This might be the first time the term was seen in an ’official’ context, but is it really the origin? It feels like the term has been hovering around for longer, and even Google Trends shows significant search trends way before 2021
I see only a few peaks starting in 2008 that are in the double digit numbers. Could these just be queries containing the words "stochastic" and "parrot"?
For instance, there's this ecology paper from 2014: Influence of stochastic processes and catastrophic events on the reproductive dynamics of the endangered Maroon‐fronted Parrot Rhynchopsitta terrisi
Not sure what happens under the hood, but it wouldn't surprise me if people searching for this paper would show up under "stochastic parrot" in google trends even if that's not what they literally searched for.
I feel this way too. Maybe there's some very similar term that we're both thinking of though that is just at the tip of the tongue because I can't find what it'd be
Most people have never actually dealt with something like modern LLMs, so we haven't really developed the proper language to describe them and how they behave. It's either too simplistic and reductive (stochastic parrot, xerox machine) or presupposes sentience and intent ("fabricates","hallucinates", etc.)
Also "a blurry jpeg of the internet". LOL, all we need is "a series of tubes, not a truck" and we're set.
I think we are focusing on the model too much and miss the real hero - language. The corpus of text these models are trained on is a marvel of human creativity. This cultural artefact is the diff between primitive and modern humans. And it is the diff between a random initialisation and a trained GPT-4. Maybe the brain or the model don't matter, but what you train them on.
Even more, language is special. Ideas are self replicators, they have a lifecycle, they have evolutionary pressure to improve. Ideas travel a lot. No single human can recreate this knowledge, it is the result of massive search. I'd say more than 99% of human intelligence is based on applying ideas invented by someone else. So let's be more lenient on the parroting accusations. AIs can be smart if they get feedback, like AlphaZero, but without feedback they of course have to parrot.
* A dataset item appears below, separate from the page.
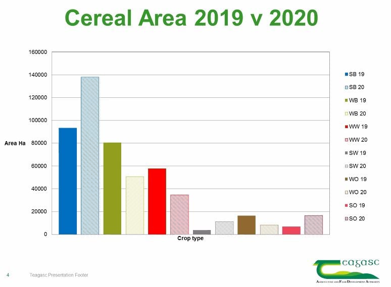 For example, wet weather reduced the winter cereal area this season and Shay outlined out of a total of approximately 280,000ha of combinable crops 140,000ha were planted with spring barley.

I don't think this coinage is something to be proud of, given that the stochastic parrot analysis is now rejected by most top AI researchers, like Geoffrey Hinton or Andrew Ng. Even LLM skeptic Yann LeCun says LLMs have some level of understanding:
As far as I know, none of these 3 work specifically in NLP, most of their work is in image processing and to the best of my knowledge none of them have any background in linguistics.
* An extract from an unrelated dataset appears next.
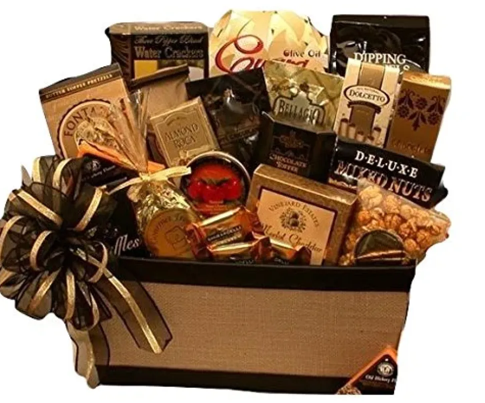 The Metropolitan Executive includes: Faux leather and canvas tray, Special toffees, Cherry bon bons, Ghirardelli caramel filled milk chocolate squares, Butter toffee caramel corn, Merlot cheese spread, Old hickory Wisconsin cheese triangle, Chamberry French truffles, Deluxe mixed nuts, chocolate cream filled wafer cookies, chocolate cream filled Pirrouline wafer cookies, salty dipping pretzels, butter toffee pretzels, 7 oz salami, Almond Roca toffee, Cucina bistro style olive oil chips, Bellagio latte mix, and Bellagio cappuccino mix. Topped with an attractive gold and black hand made bow this gift makes a stylish presentation. This gift measures 14″ long by 8″ wide by 14″ tall and weighs 5 pounds when complete.

Well, they are absolutely top AI researchers, so their opinion should count for a lot. If you specifically ask for people working on LLMs: Paul Christiano invented RLHF when he worked at OpenAI, and I'm pretty sure he also rejects the stochastic parrot analysis.
> They go on to note that because of these limitations, a learning machine might produce results which are "dangerously wrong"
I was initially thinking "well, yes, Nobel Prize for Stating the Obvious there", but looks like the paper was written in the far distant past of 2021, when LLMs were largely still in their babbling obvious nonsense stage, rather than the current state of the art, where they babble dangerously convincing nonsense, so, well, fair enough I suppose.
Amazing how fast progress has been there, though it's progress in an arguably rather worrying direction, of course.
Not to reduce the value of the insight, but since she coauthored the paper with Google employees she probably had access to models more advanced than those which were available to the general public
At that point, OpenAI was still fairly clearly at the babbling obvious nonsense phase; I would wonder was Google's stuff much better.
I also wonder if the original authors would have been surprised to learn that, by 2023, lawyers would be citing fake precedent made up by a machine. The progression to "dangerous nonsense" really does seem to have been worryingly fast.
I was really impressed with the work that Noam Shazeer was doing at Google before he left (I worked on TPUs and frequently had to debug problems at scale for researchers). It was clear he was making some pretty impressive improvements, but the results weren't super obvious even to most people inside google, and they didn't translate to externally visible projects.
This isn't that dissimilar to working at any sufficiently advanced R&D outfit, which strongly demonstrates the principle "the future is already here but isn't evenly distributed".
LLMs are not stochastic though, they are deterministic and dont even require random numbers, right?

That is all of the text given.